Using keywords to search the ECHR computerised database “HUDOC”, we reviewed all cases concerning psychiatric commitment registered between September 1953 and December 31, 2004. Four groups were identified: applications declared inadmissible; applications accepted but not judged by the Court; pending cases; and cases judged by the Court.
Of the almost 118,000 decisions taken by the ECHR in this time frame, we found 108 situations concerning psychiatric commitment. 41 of these applications were considered by the Court to be inadmissible. 24 other cases were considered admissible but not judged by the ECHR. Three admissible cases were still pending at the end of 2004. The ECHR judged 40 cases, and found in 35 of them that one or several rights as guaranteed by the Convention had been violated.

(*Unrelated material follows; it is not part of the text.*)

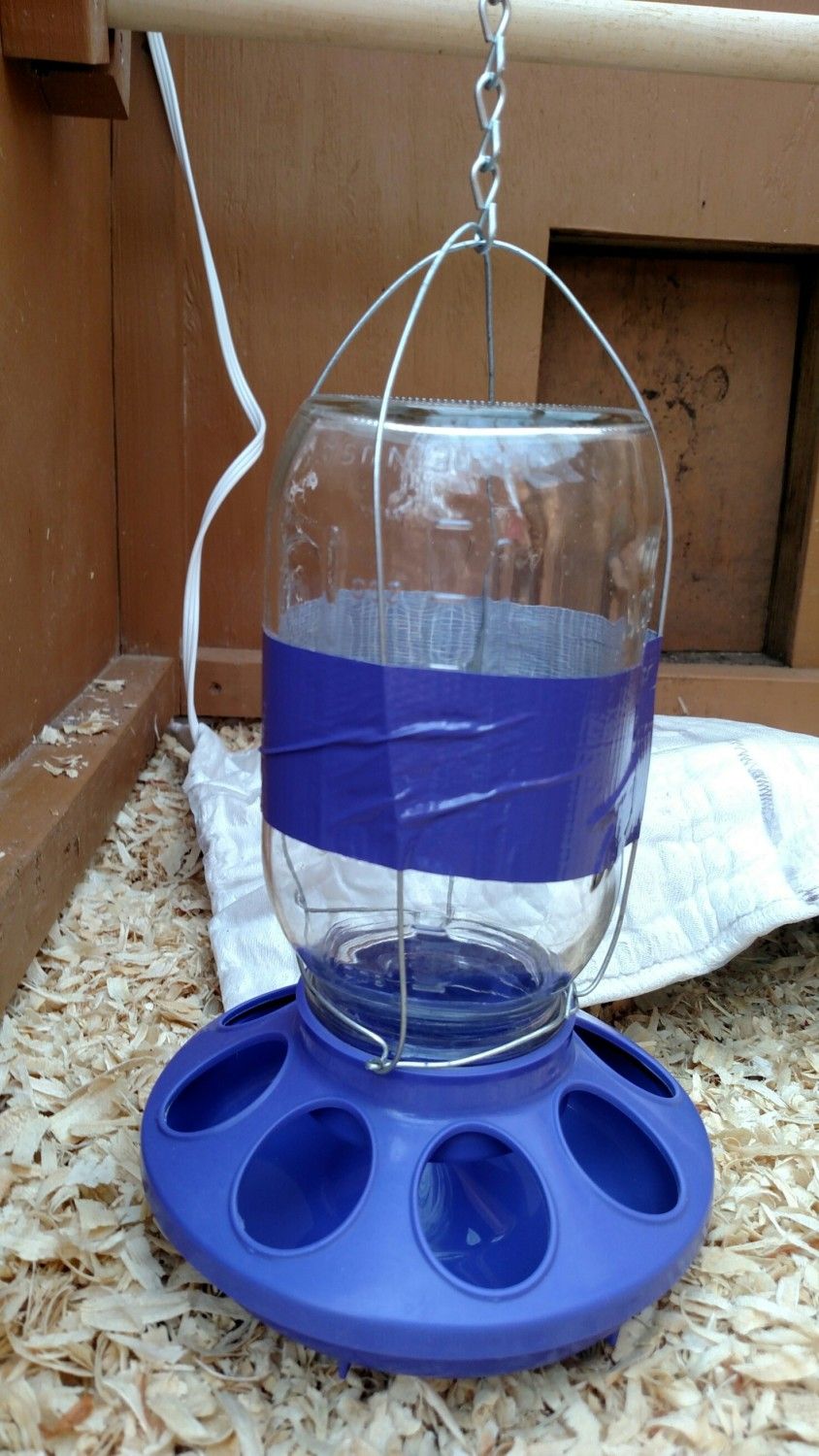 Can you imagine the mess if this were an open waterer?! My water is on the same kind of chain so I can raise it as they grow but it's a 128oz juice bottle with a nipple in the lid. Ocean Spray makes really nice, squared juice bottles. I just made a hanger much like this one and poked a hole in the bottom to prevent a vacuum. It even has a handle for easy filling. Perfection.

The ECHR protects the human rights of persons subjected to involuntary psychiatric commitment by creating supranational law in the following areas: definition of “unsoundness of mind”; conditions of lawfulness of detention; right to a review of detention by a Court; right to information; right to respect for private and family life; and conditions of confinement, which address inhuman and degrading treatment.
The respective number of applications submitted to the ECHR did not depend on when the Convention had entered into force in that country.
The possibility of an individual to access the ECHR depends on the degree of democracy in his country and on the access to legal assistance through non-governmental organisations or individual intervening parties.